→ Problem requirements: Copy the lines below as they are; omit the images they contain.

→ Supplied data:
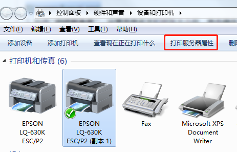 2. 右键选中打印票据的针式打印机,选择**打印服务器属性**。
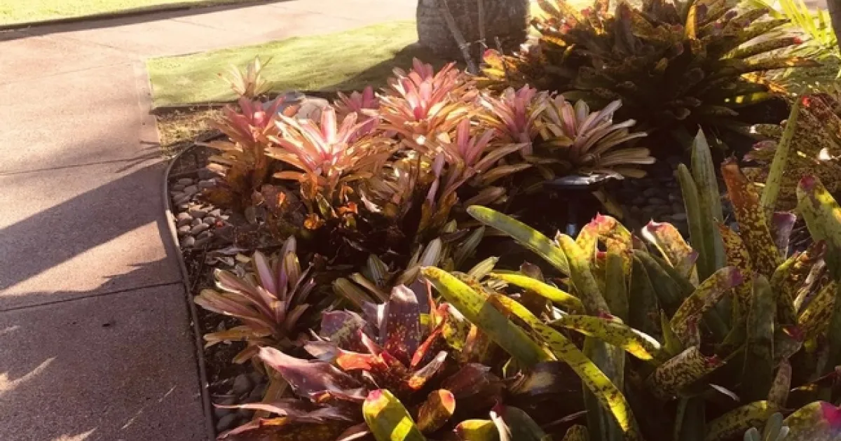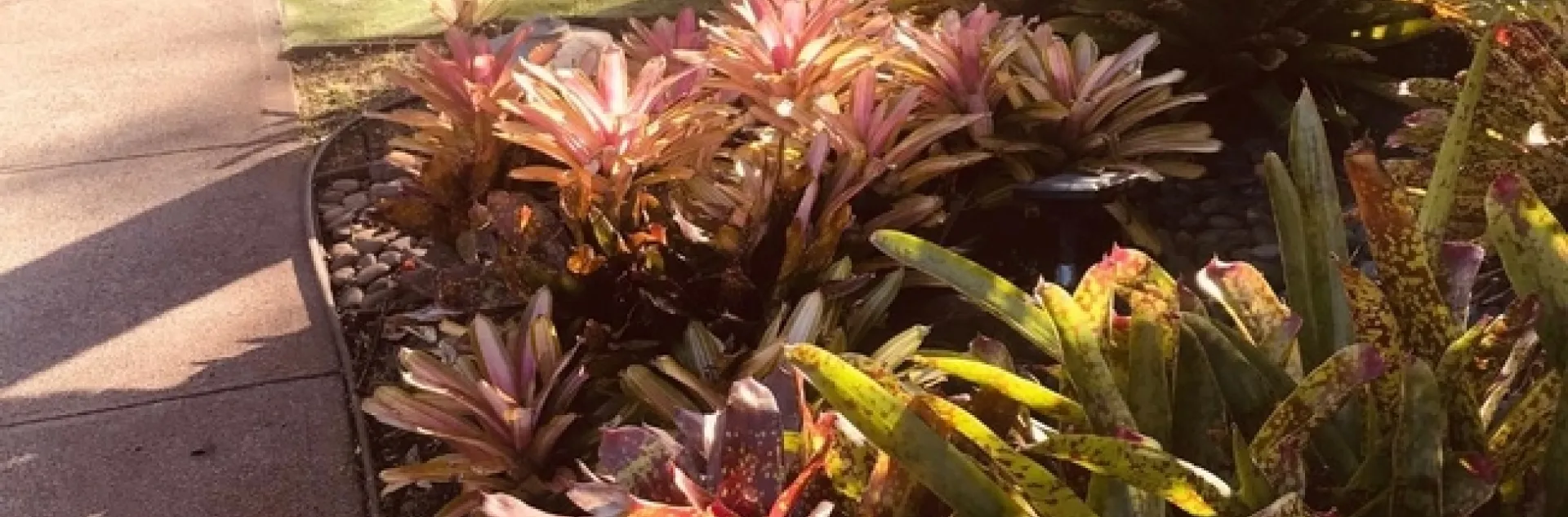 My husband and I just returned from celebrating our 25th anniversary in Maui. We had honeymooned there and celebrated my parents' 50th anniversary there, so Maui has always been special to us. In addition to the whale, sea turtle and surfer watching, and snorkeling I have always loved spending time with the tropical plants here. The grounds of the resort/condo complex we stayed at were just lovely. I was impressed with the combination of plants and bromeliads. The burgundy and green color combination was striking without a single flower in sight.
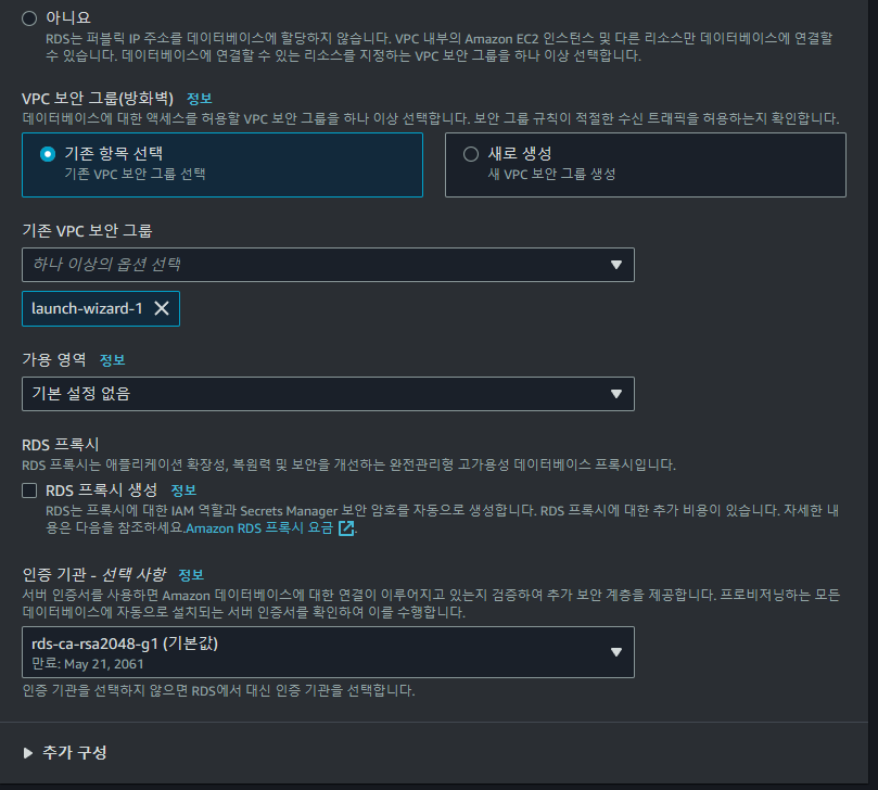 launch-wizard-1์ ์ธ๋ฐ์ด๋ ๊ท์น์์ MySQL/Aurora, TCP, 3306, ๋ชจ๋ ๋ก ์ค์ ํด์ฃผ์ด์ผํ๋ค.

→ Written reply:
 2. 右键选中打印票据的针式打印机,选择**打印服务器属性**。
 My husband and I just returned from celebrating our 25th anniversary in Maui. We had honeymooned there and celebrated my parents' 50th anniversary there, so Maui has always been special to us. In addition to the whale, sea turtle and surfer watching, and snorkeling I have always loved spending time with the tropical plants here. The grounds of the resort/condo complex we stayed at were just lovely. I was impressed with the combination of plants and bromeliads. The burgundy and green color combination was striking without a single flower in sight.
 launch-wizard-1์ ์ธ๋ฐ์ด๋ ๊ท์น์์ MySQL/Aurora, TCP, 3306, ๋ชจ๋ ๋ก ์ค์ ํด์ฃผ์ด์ผํ๋ค.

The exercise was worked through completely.